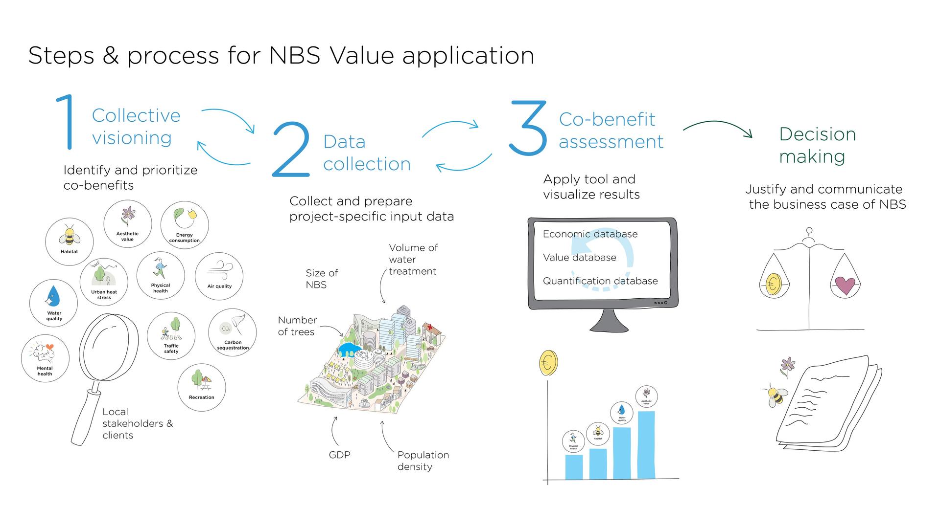 Following this, NBS Value is applied to produce an estimate of the lifelong benefits and socio-economic value of the proposed NBS and illustrative graphs for impactful communication. Finally, the tool output can be directly embedded in the business case to justify NBS expenditure and budgeting.
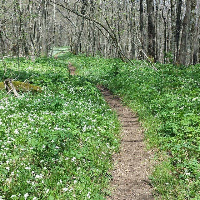 “…fair are the woodlands, robed in flowers of blooming spring…” This spread of white fringed phacelia ran on along both sides of the Trail for at least half a mile, maybe longer, coming down north of Big Bald. #at2015
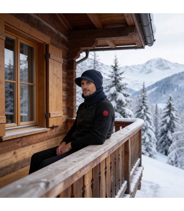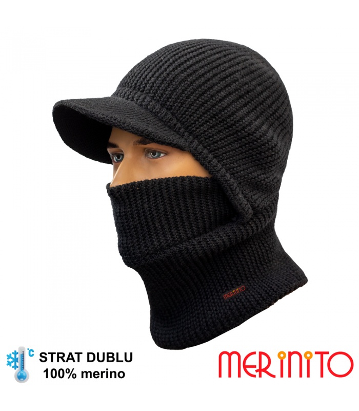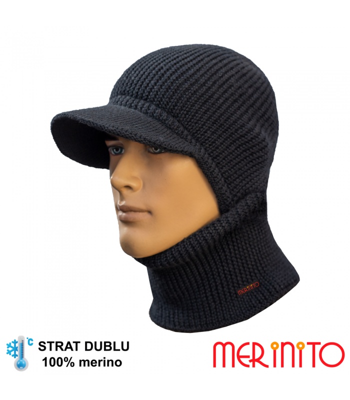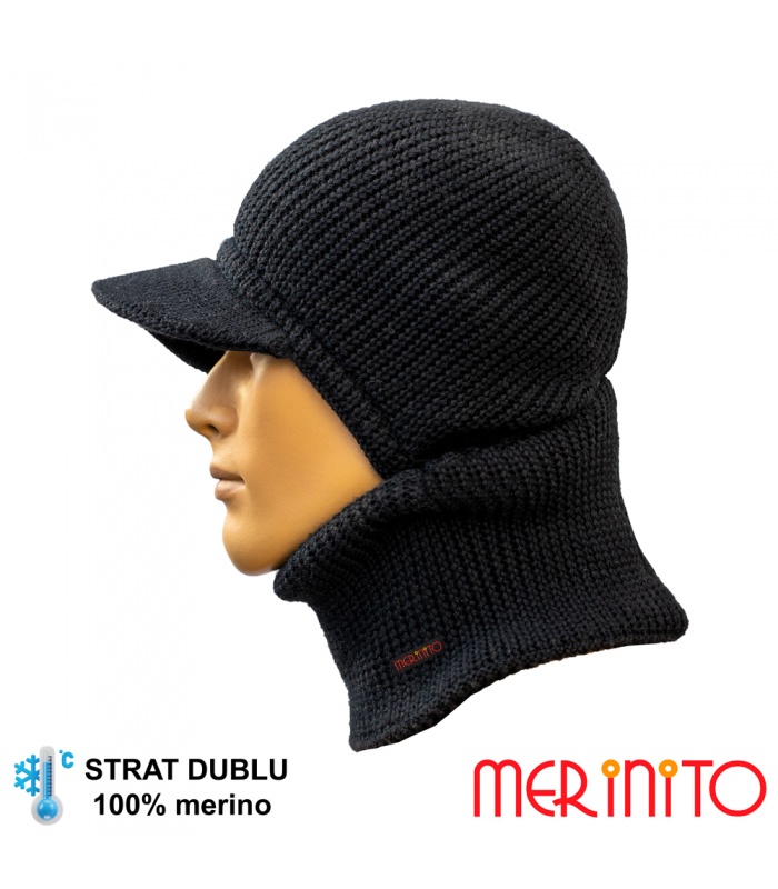 Caciula Merinito cu cozoroc este tricotata in strat dublu de lana merinos 100% fiind extrem de calduroasa chiar si la termperaturi extreme. Design-ul este unul multifunctional: gulerul se poate ridica si astfel protejeaza fata ca si o cagula. Este ideala in sezonul rece pentru orice activitate in aer liber.
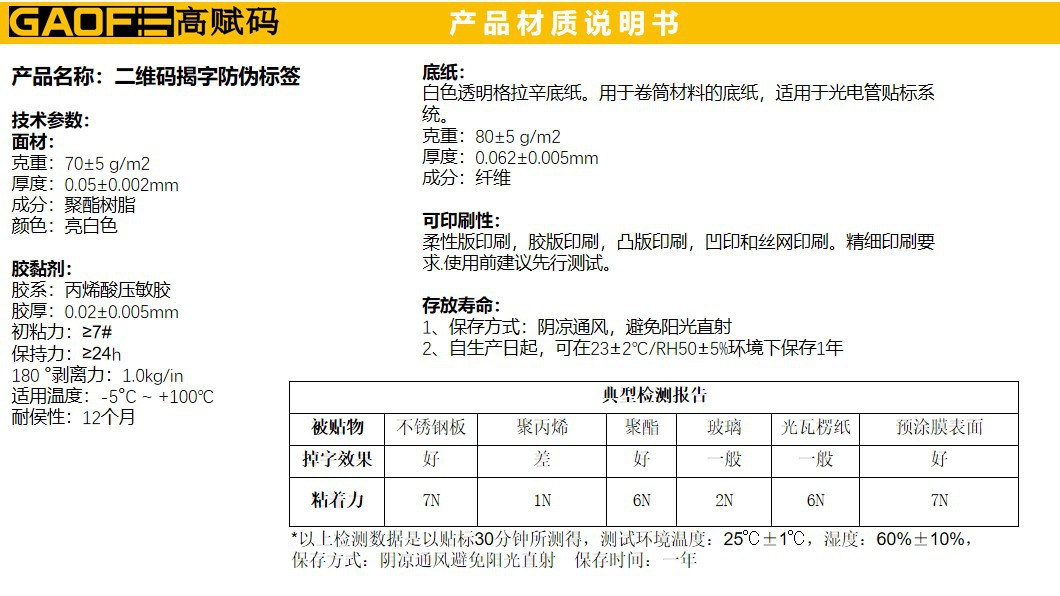 二維碼揭字防偽標簽 50#白色大字VOID 彩色涂層高光亮白-高賦碼
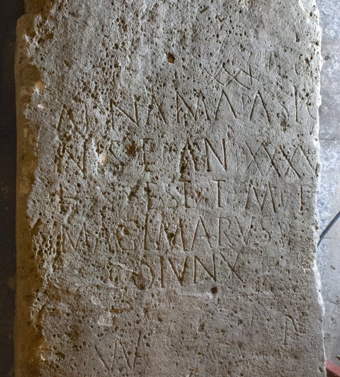 - Adnama Asio/nis f(ilia) an(norum) XXXV / h(ic) s(ita) est t(itulum) m(emoriae) p(osuit) / Magimarus / coiunx // Te amo / XXX // VV
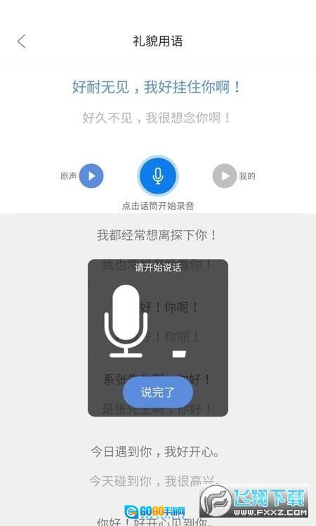 ·提供男女声真人发音,可跟读练习。同时支持自行发音,用于与标准发音作学习对比。

- [The problem]
Exact copies of the lines from the one containing "Caciula Merinito cu" through the final line of the data are required; pictures are to be omitted.

- [Solution]
 Caciula Merinito cu cozoroc este tricotata in strat dublu de lana merinos 100% fiind extrem de calduroasa chiar si la termperaturi extreme. Design-ul este unul multifunctional: gulerul se poate ridica si astfel protejeaza fata ca si o cagula. Este ideala in sezonul rece pentru orice activitate in aer liber.
 二維碼揭字防偽標簽 50#白色大字VOID 彩色涂層高光亮白-高賦碼
 - Adnama Asio/nis f(ilia) an(norum) XXXV / h(ic) s(ita) est t(itulum) m(emoriae) p(osuit) / Magimarus / coiunx // Te amo / XXX // VV
 ·提供男女声真人发音,可跟读练习。同时支持自行发音,用于与标准发音作学习对比。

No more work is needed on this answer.